Write out the entire listing below exactly, with the pictures left out.

▶ [Given material]
------------------------

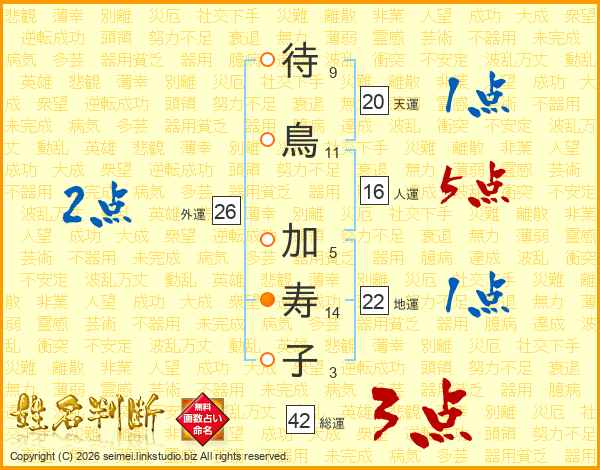 待(9画)鳥(11画) 加(5画)寿(14画)子(3画)
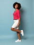 Dámské mírně elastické bermudy klasického střihu, s 5-mi kapsami. Zapínání na zip. Opasek není součástí kalhot. Materiál: 64% bavlna, 25% polyester, 9% viskóza, 2% elastan, twill. Modelka je vysoká 175 cm a má na sobě velikost M.Méně informácí
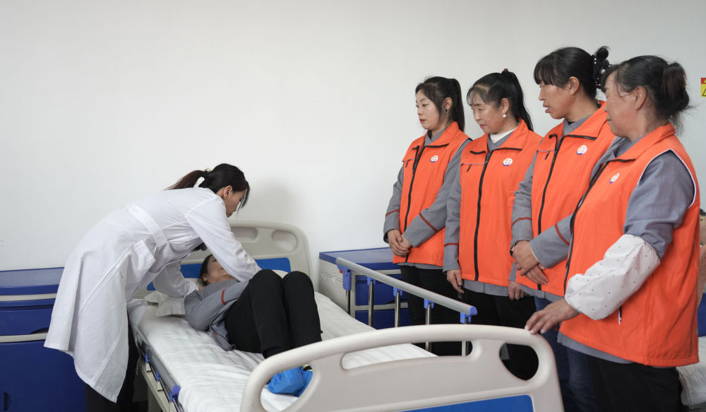 “大家在帮助病人乘坐轮椅前,要先将轮椅停靠在离床尾40公分处,半蹲到床前观察、询问病人申请状况……”站在模拟病床前,讲师费他义花为近20名学员讲授医疗护理专业知识,学员们认真听讲,不时插话提问。
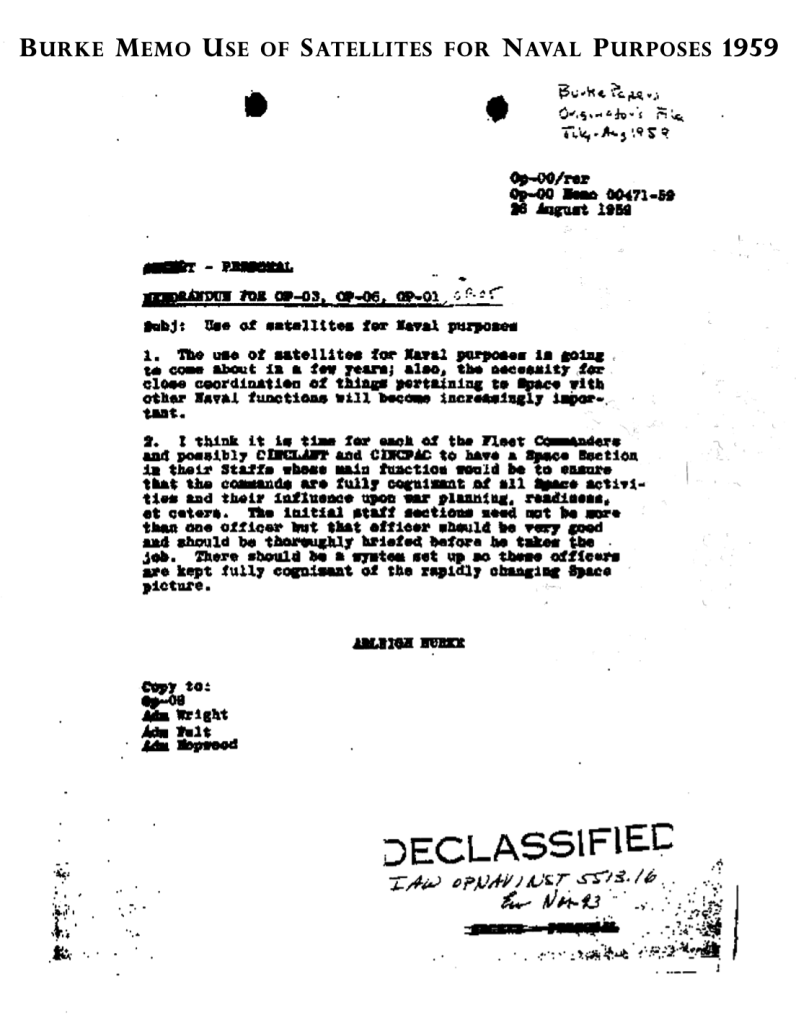 Noting that “The use of satellites for Naval purposes is going to come about in a few years; also the necessity for close coordination of things pertaining to Space with other Naval functions will became increasingly important,” Burke concluded that “I think it is time for each of the Fleet Commanders and possibly CINCLANT and CINCPAC to have a Space Section in their Staffs whose main function would be to ensure that the commands are fully cognizant of all Space activities and their influence upon war planning, readiness, et cetera….There should be a system set up so these officers are kept fully cognizant of the rapidly changing Space Picture.”

------------------------

▶ [Answer for the task]
 待(9画)鳥(11画) 加(5画)寿(14画)子(3画)
 Dámské mírně elastické bermudy klasického střihu, s 5-mi kapsami. Zapínání na zip. Opasek není součástí kalhot. Materiál: 64% bavlna, 25% polyester, 9% viskóza, 2% elastan, twill. Modelka je vysoká 175 cm a má na sobě velikost M.Méně informácí
 “大家在帮助病人乘坐轮椅前,要先将轮椅停靠在离床尾40公分处,半蹲到床前观察、询问病人申请状况……”站在模拟病床前,讲师费他义花为近20名学员讲授医疗护理专业知识,学员们认真听讲,不时插话提问。
 Noting that “The use of satellites for Naval purposes is going to come about in a few years; also the necessity for close coordination of things pertaining to Space with other Naval functions will became increasingly important,” Burke concluded that “I think it is time for each of the Fleet Commanders and possibly CINCLANT and CINCPAC to have a Space Section in their Staffs whose main function would be to ensure that the commands are fully cognizant of all Space activities and their influence upon war planning, readiness, et cetera….There should be a system set up so these officers are kept fully cognizant of the rapidly changing Space Picture.”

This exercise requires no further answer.